When resting, the average adult human heart beats at about 70 bpm in males and 75 bpm in females. This rate varies among different people, and can be significantly lower in individuals who participate in endurance athletics. The infant/neonatal heart rate is around 130-150 bpm. Heart rate is determined by measuring one's pulse using a variety of methods. These can be specialized devices, or merely pressing one's fingers against an artery. It is generally accepted that listening to heart beats using a stethoscope, a process known as auscultation, is a more accurate method of measuring the heart rate.

1 Measuring heart rate
2 Maximum heart rate
- 2.1 Measuring HR_max
3 Recovery heart rate
4 Target heart rate
- 4.1 Karvonen method
- 4.2 Zoladz method
5 Heart rate reserve
6 Heart rate abnormalities
- 6.1 Tachycardia
- 6.2 Bradycardia
7 Heart rate as a risk factor
8 See also
9 References

Measuring heart rate

Measuring the pulse at the neck and wrist.
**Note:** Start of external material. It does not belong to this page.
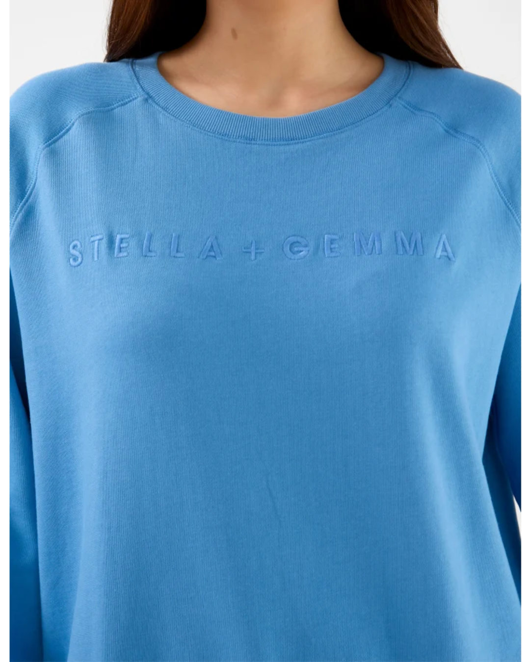 Stella and Gemma Classic Sweatshirt Sky Logo. 100% Cotton relaxed fit classic sweater with Stella & Gemma embossed logo on front raglan seams, rib cuffs & hem. Fits true to size, choose your normal size for a relaxed fit.

The pulse rate can also be measured at any point on the body where an artery pulsation is transmitted to the surface - often as it is compressed against an underlying structure like bone - by pressuring it with the index and middle finger. The thumb should never be used for measuring another person's heart rate, as its strong pulse may interfere with discriminating the site of pulsation, causing a miscount.^[3] Some commonly palpated sites include:

The ventral aspect of the wrist on the side of the thumb (radial artery)
The ulnar artery
The neck (carotid artery),
The inside of the elbow, or under the biceps muscle (brachial artery)
The groin (femoral artery)
Behind the medial malleolus on the feet (posterior tibial artery)
Middle of dorsum of the foot (dorsalis pedis).
Behind the knee (popliteal artery)
Over the abdomen (abdominal aorta)
The chest (aorta). This can be felt with one's hands or fingers but it is possible to auscultate the heart by utilizing a stethoscope.
The temple

A more precise method of determining pulse involves the use of an electrocardiograph, or ECG (also abbreviated EKG). Continuous electrocardiograph monitoring of the heart is routinely done in many clinical settings, especially in critical care medicine. Commercial heart rate monitors are also available, consisting of a chest strap with electrodes. The signal is transmitted to a wrist receiver for display. Heart rate monitors allow accurate measurements to be taken continuously and can be used during exercise when manual measurement would be difficult or impossible (such as when the hands are being used).

Maximum heart rate

Maximum heart rate (also called STD, or HR_max) is the highest number of times your heart can contract in one minute, or the heart rate that a person could achieve during maximal physical exertion.It is not the maximum one should obtain often during exercise. MHR is used as a base number to calculate target heart rate for exercise (see below).^[4] The average adult heart beats about 60 to 80 times a minute at rest. The resting heart rate usually rises with age, and it's generally lower in physically fit people. Resting heart rate is used to determine one's training target heart rate. Athletes sometimes measure their resting heart rate as one way to find out if they're over trained. The heart rate adapts to changes in the body's need for oxygen, such as during exercise or sleep.

Measuring HR_max

Fox and Haskell formula

The most accurate way of measuring HR_max for an individual is via a cardiac stress test. In such a test, the subject exercises while being monitored by an EKG. During the test, the intensity of exercise is periodically increased (if a treadmill is being used, through increase in speed or slope of the treadmill), or until certain changes in heart function are detected in the EKG, at which point the subject is directed to stop. Typical durations of such a test range from 10 to 20 minutes.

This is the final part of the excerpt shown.